### Records to process

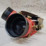 -Brass-plated metal wings are mounted to the sides of the eye cups with brass knurled nuts and gears.
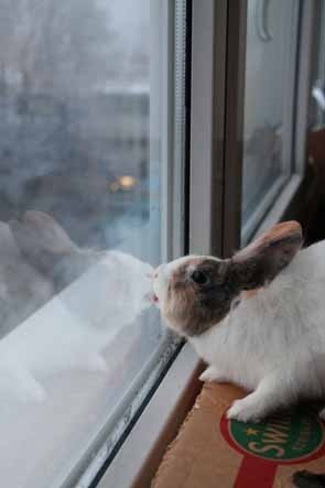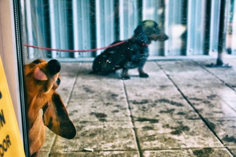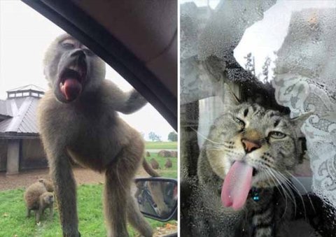 유리창을 핥는 동물들
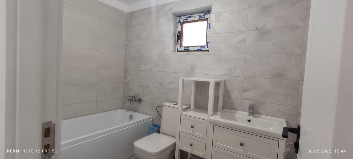 Duplex 5 camere, parter plus etaj 1, 3 grupuri sanitare, parter 2 camere, bucatarie, grup sanitar, etaj 1, 3 dormitoare, 2 grupuri sanitare, gresie, faianta, parchet, termopan, gaze, apa, curent electric, centrala proprie, la cheie,
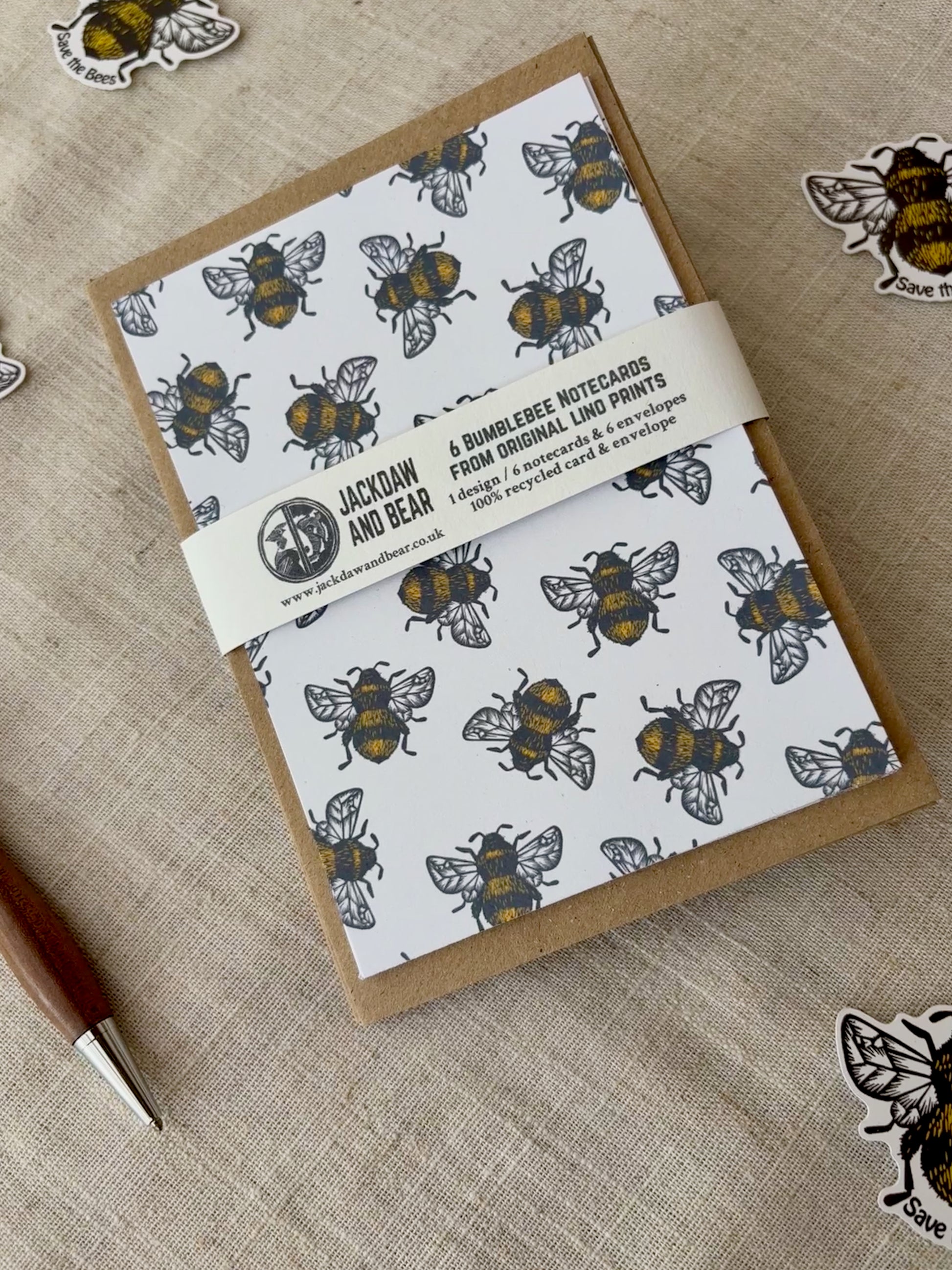 A charming set of 6 A6 single-leaf notelets featuring our original hand-carved bumblebee linocut design.
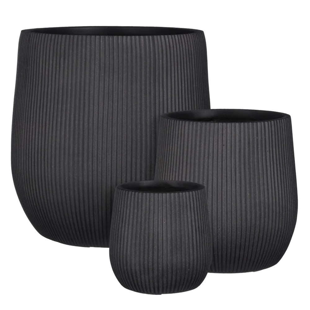 Fllower pot, Nuovo, set 3 pieces, ceramic, black, Ø22xH22 cm; Ø31xH32 cm; Ø44xH44 cm

######

- **Required action**: Every line from the one with "A charming set" through the end of the material above should be restated word for word, with the pictures left out.

- **Your solution**:
 A charming set of 6 A6 single-leaf notelets featuring our original hand-carved bumblebee linocut design.
 Fllower pot, Nuovo, set 3 pieces, ceramic, black, Ø22xH22 cm; Ø31xH32 cm; Ø44xH44 cm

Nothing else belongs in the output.